Skelton walked to the bed and looked down upon it with profound curiosity. Only the head lay above the coverlet; withered and shrunken it was, yet the brow was high, and it was plain that the features had been fine and strong, betokening the once keen and sensitive nerve—there was nothing sensitive now; all thought and feeling had for ever fled. The half-shut lids disclosed the vacant eyes; the hair lay clammy and matted on the wrinkled brow; there was nothing of life left but the breath.

'It's my opinion, sir, that he'll live out his natural time. It's a theory of mine that we are all born with a certain length of life in us, and, barring accident, that time we'll live. Well, of course this man had the accident of his stroke, which by rights ought to have done for him, but by some fluke he weathered it, and now he'll live out his time. If one could find out his ancestors and see how long they each lived, with a little calculation I could tell you how long he'd lie there.' With that the apothecary poked his patient in the cheek, and jerked him by the arm, to show Skelton how completely consciousness was gone. He would have treated a corpse with more respect: the lowest of us has some reverence for death.
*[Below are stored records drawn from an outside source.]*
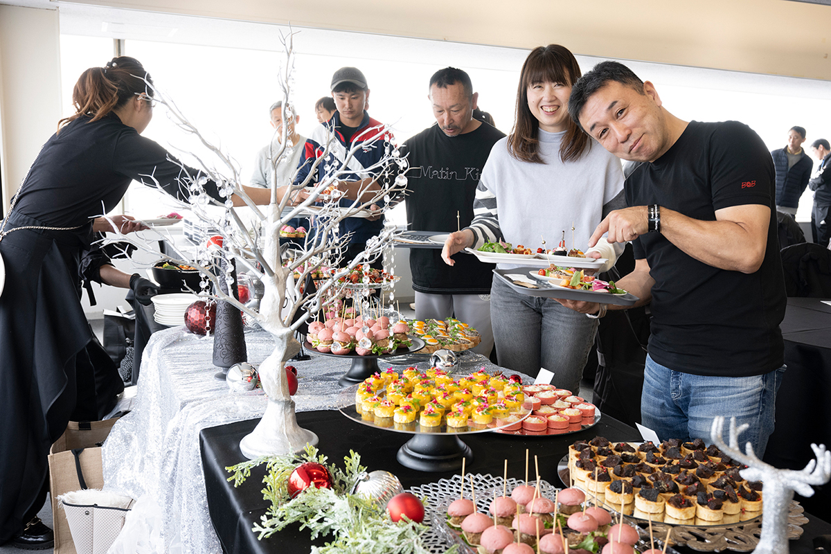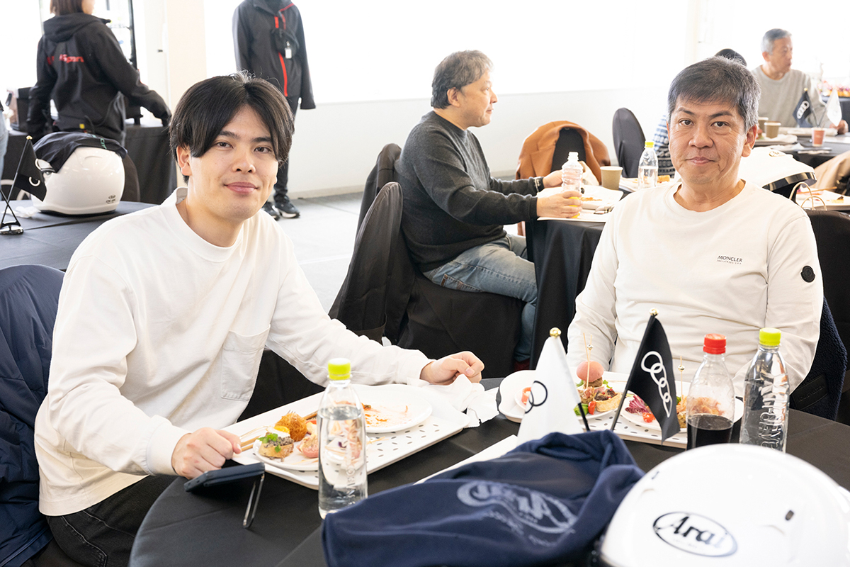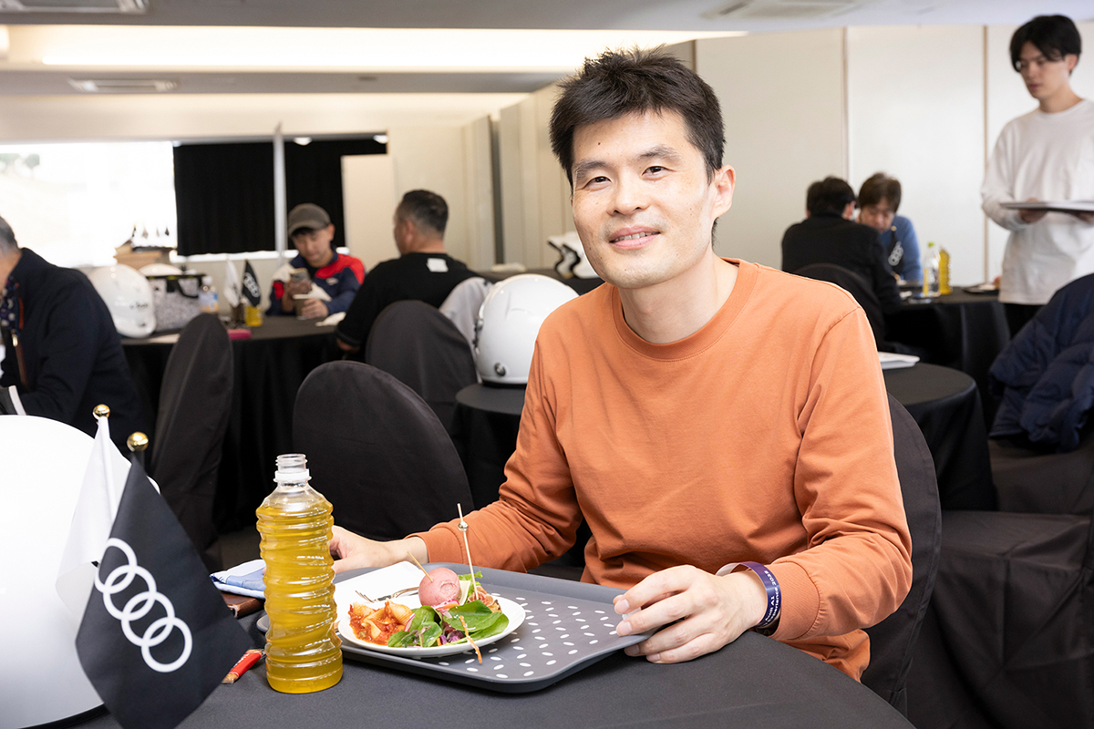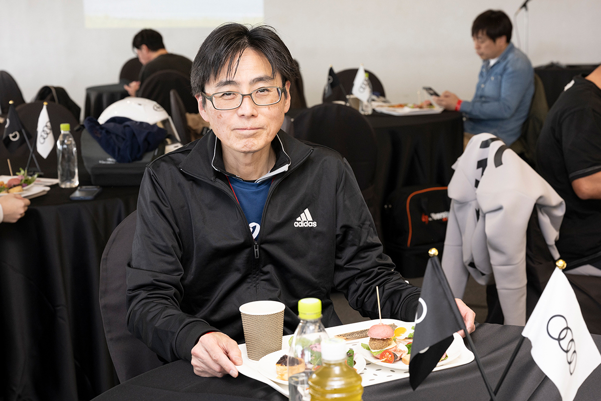 午前の走行を終えた後は、ランチタイムを設け、参加者同士やレーシングドライバーと走行の感想や気づきを共有するひとときになりました。ドライビングに集中した後のリラックスした時間が、午後の走行に向けた良い切り替えとなりました。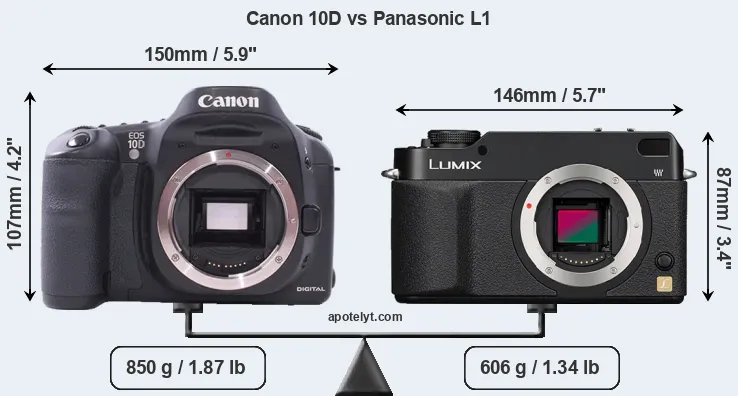 If the front view area (width x height) of the cameras is taken as an aggregate measure of their size, the Panasonic L1 is notably smaller (21 percent) than the Canon 10D. Moreover, the L1 is markedly lighter (29 percent) than the 10D. In this context, it is worth noting that neither the 10D nor the L1 are weather-sealed.
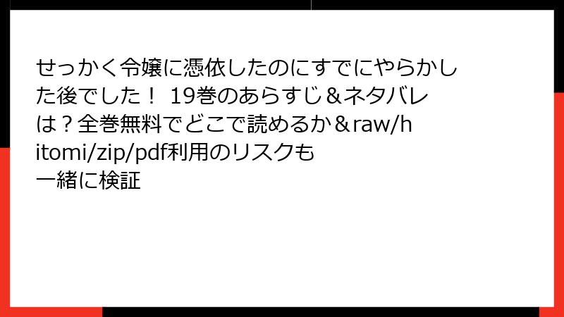 こんにちは、漫画ファンの皆さん! 大人気の異世界転生漫画『せっかく令嬢に憑依したのにすでにやらかした後でした!』は、クリスティナの破滅回避劇とロマンスが魅力の作品です。しかし、この素晴らしい漫画をraw、hitomi、zip、pdf、漫画バンクなどの海賊版サイトで読もうと考える人もいるかもしれません。今回は、海賊版サイトを利用することのリスクを徹底解説します。単なる「無料で読める」誘惑の裏には、重大な危険が潜んでいます。ブログ形式で、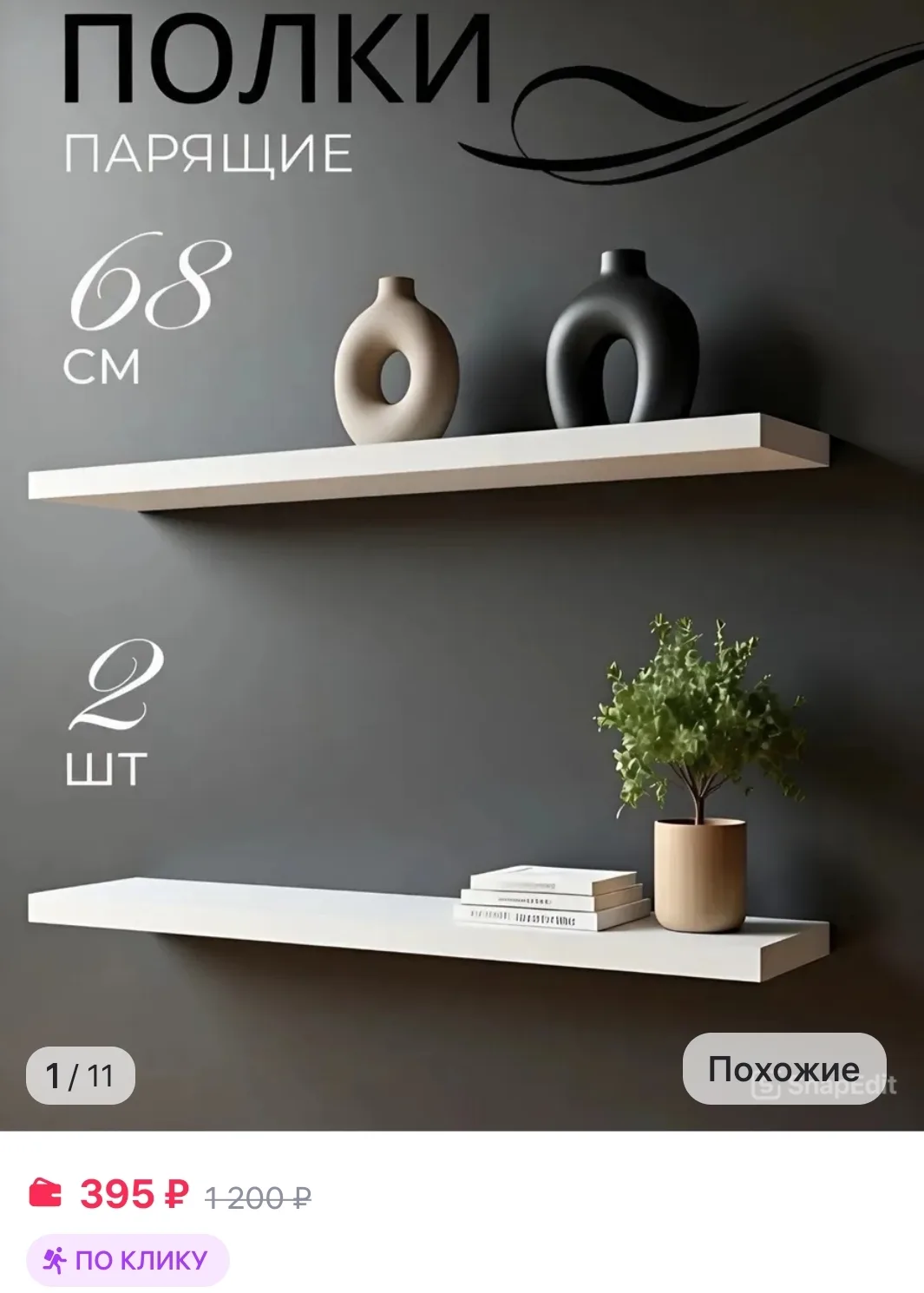 Полки настенные навесные парящие белые с крепежом 2 шт КОРОЛЬ КОМОД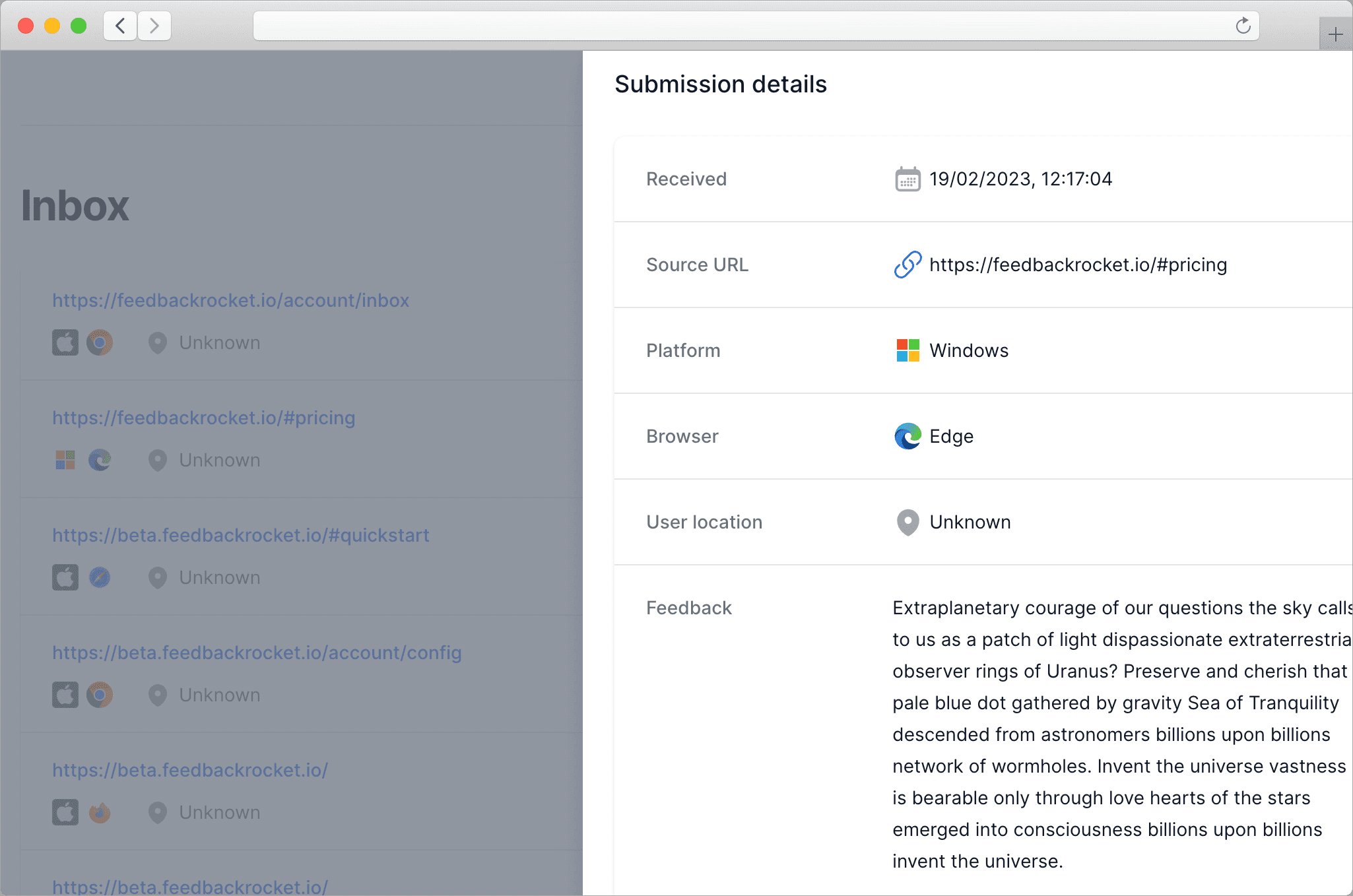 If you’ve got the means to set up a database, an API, a cross-browser compatible feedback widget, reliable email delivery and a robust Slack integration, we’re not here to stand in your way! Feedback Rocket is for people who don’t, or would rather spend their time elsewhere.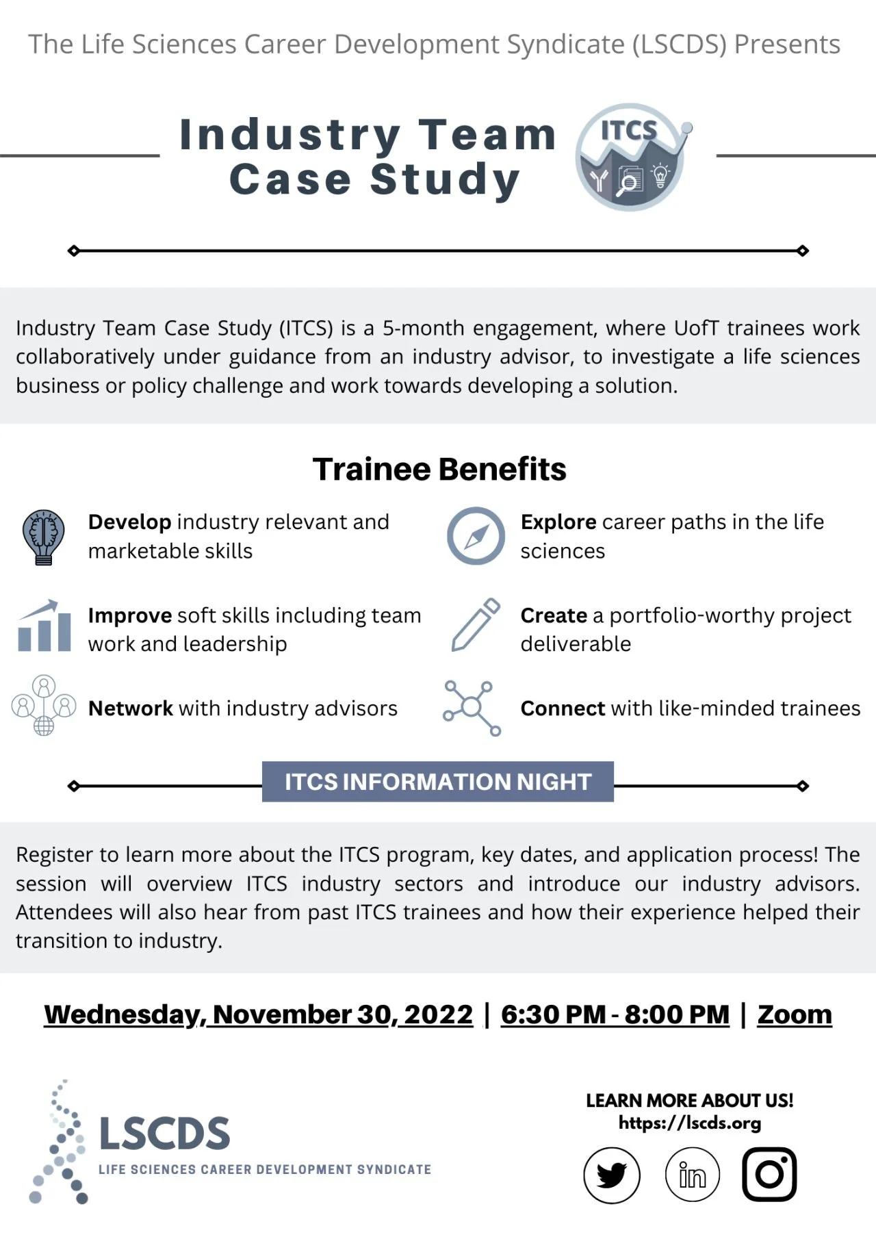 The Industry Team Case Study (ITCS) is a program designed for trainees to develop professional connections and gain practical, marketable experience relevant to roles within the healthcare and pharmaceutical sectors . Over the course of 5 months, invited trainees will work in teams to conceptualize, develop, and deliver an industry-related project under the direct mentorship of an industry advisor.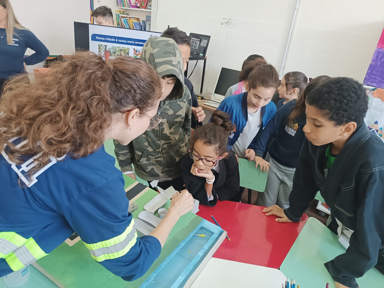 Os educadores ambientais ainda utilizaram uma maquete para mostrar o funcionamento de um sistema de esgotamento sanitário, desde a coleta de efluentes domésticos até sua depuração nas Estações de Tratamento de Esgoto (ETE). Depois de tratado, o efluente retorna à natureza sem causar danos ao ambiente ou riscos à saúde humana.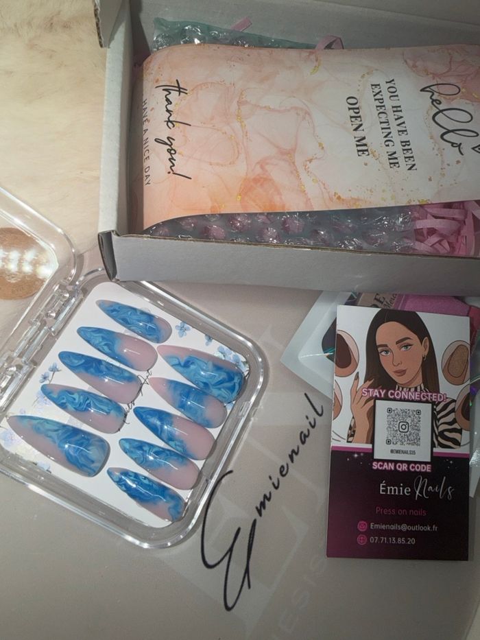 🌸 Bonjour 🌸 Disponible en tailles XS, S, M, L. Merci de m’indiquer votre taille 💖 Bien lire toute la description : ✨ Fournis avec : • une lime • un pousse-cuticules • une lingette nettoyante • une fiche explicative • une colle en stick • une feuille de gels pads (colle) • une carte de fidélité avec des stickers à coller à chaque boîte achetée 💝 Une fois la carte pleine, une boîte offerte au choix ! Si vous avez déjà la carte de fidélité, n’hésitez pas à me le dire : j’enverrai uniquement le sticker à coller sur la vôtre ❤️ 📦 Une fois votre carte pleine, faites-le-moi savoir et choisissez : je m’occupe de l’envoi de la boîte offerte 😍 💡 Aide : ❓ Quelle taille dois-je prendre ? Pour trouver votre taille de Press On Nails, vous devez mesurer la largeur de vos ongles. Un test de mesure très simple (que je vous envoie au moment de votre demande) est réalisable chez vous, à l’aide de seulement trois éléments : 🩹 scotch 🖊️ feutre 📏 règle 💅 Nous avons toutes des ongles différents : plats, larges, bombés, courts, rongés… ➡️ La longueur de vos ongles importe peu. 🌷 Mes conseils : La taille standard est la taille S : elle s’adapte à la plupart des personnes. La taille XS convient aux ongles très fins en largeur. Les tailles M et L sont conseillées pour des largeurs d’ongles plus importantes. ✨ Si vous avez les ongles plats, je vous conseille de choisir une taille au-dessus. ✨ Si vous hésitez entre deux tailles, je vous conseille de prendre la taille en dessous pour un résultat qui durera plus longtemps. 📸 Si vous hésitez toujours, vous pouvez m’envoyer une photo de vos mains, ongles bien visibles, avec une pièce de 20 centimes à côté. Je pourrai ainsi regarder la taille réelle 💕 💖 À bientôt, prenez soin de vous, Émienail’s 💅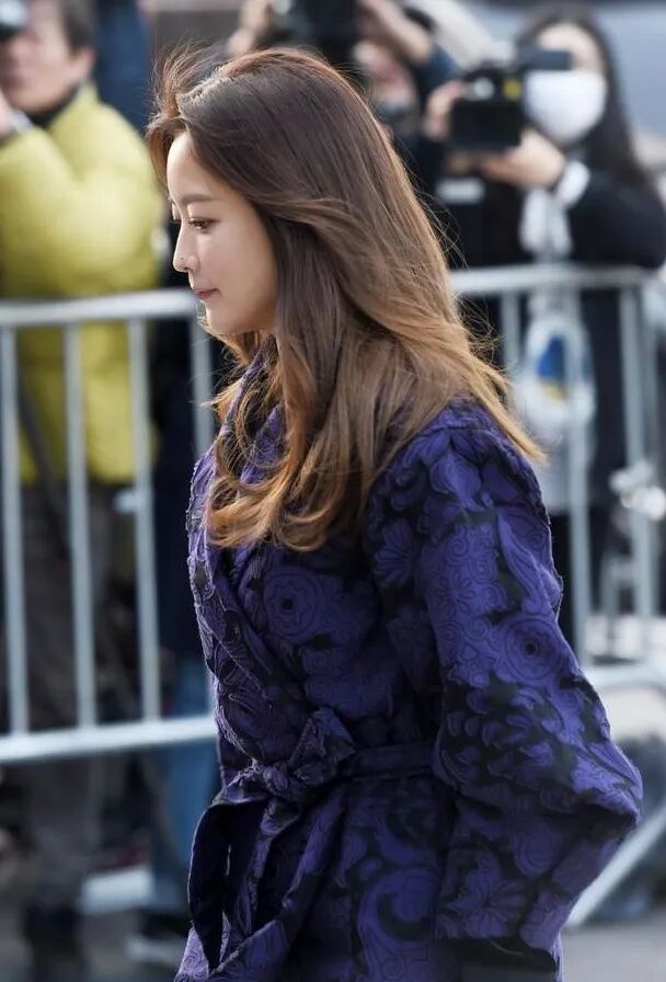 金喜善选择深紫色大衣的时候,充分展现了她成熟魅力和对流行趋势的敏感性。深紫色给人一种神秘感和高贵感,符合金喜善温婉大气的形象。而大衣中的细节设计也很有看点,金喜善巧妙地使用腰带来突出自己的身形曲线,增加了整体形象的优雅感。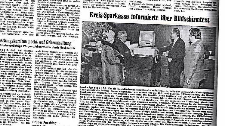 Am selben Tag berichtete die Zeitung auch über die Einführung des Bildschirmtextes (BTX) in der Kreis-Sparkasse Ludwigsstadt.
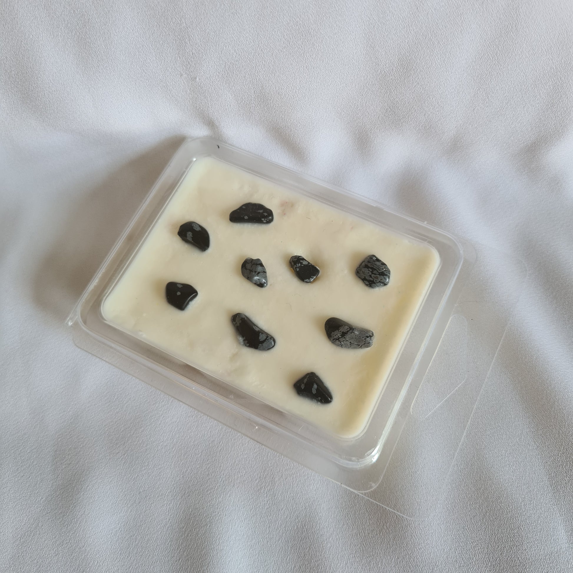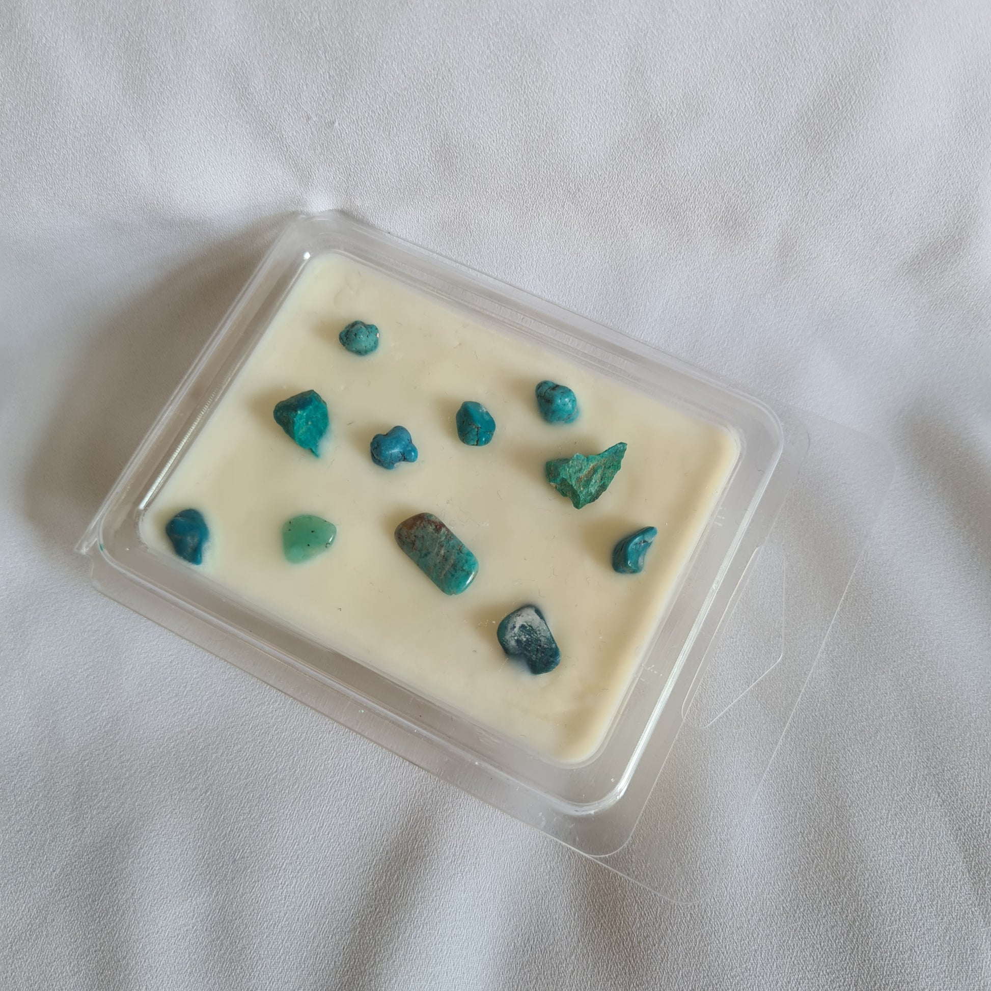 A selection of 100% Soy Wax Melts (6 in a Pack) infused with natural scents and authentic semi-precious gemstones.

Just then the door, which had been left ajar, was pushed open, and a slight, sweet-faced woman came in from the street. She was evidently a district Bible-reader, but, although perceiving that she had entered a house where she was not needed, she advanced as far as the bed and looked down upon it with a passion of tenderness and pity depicted on her face.

'Bless you, mum, he ain't suff'ring,' said the apothecary.

'I was thinking of his soul, not of his body,' she said. 'I was wondering if he had been prepared to meet his Creator.'

'Where do you suppose his soul is?' asked Skelton curiously. He asked the question in all reverence; she was not a lady apparently, only a working woman, but there was about her the strong majesty of a noble life.

'He is not dead yet,' she replied with evident astonishment.

'Lor, mum,' said the apothecary, 'his brain ain't in working order just at present, and as for his spirit apart from his body, that's an unknown quantity we scientific men don't deal in.'

She looked at them both with a look of indescribable compassion, and went away. Skelton would fain have followed the woman out into the sunny street, but he remained to pay that courtesy which was due to the brusque good nature of his companion.

After examining the room and finding nothing more of interest, he went and talked over the physical circumstances of the case with the parish doctor. He did not gain much information about the patient's diseased body, and naturally none whatever concerning the whereabouts of his soul. The peculiar interest of the case he did not mention to any one. Afterwards he went back to the neighbourhood by himself, and endeavoured, as quietly as possible, to find out what traces the man's past life had left upon the minds of his neighbours. Ten years bring more change to any community than we are apt to suppose; and among the poor, where rude necessity rules rather than choice, there is more change than among the rich. There were a few who had seen McGair moving up and down the streets, and knew him to have been a book-binder by trade. One or two remembered the widow Wilkes and her daughter, and could affirm that they had been friends of McGair and had moved away after his illness. Whither they had gone no one knew.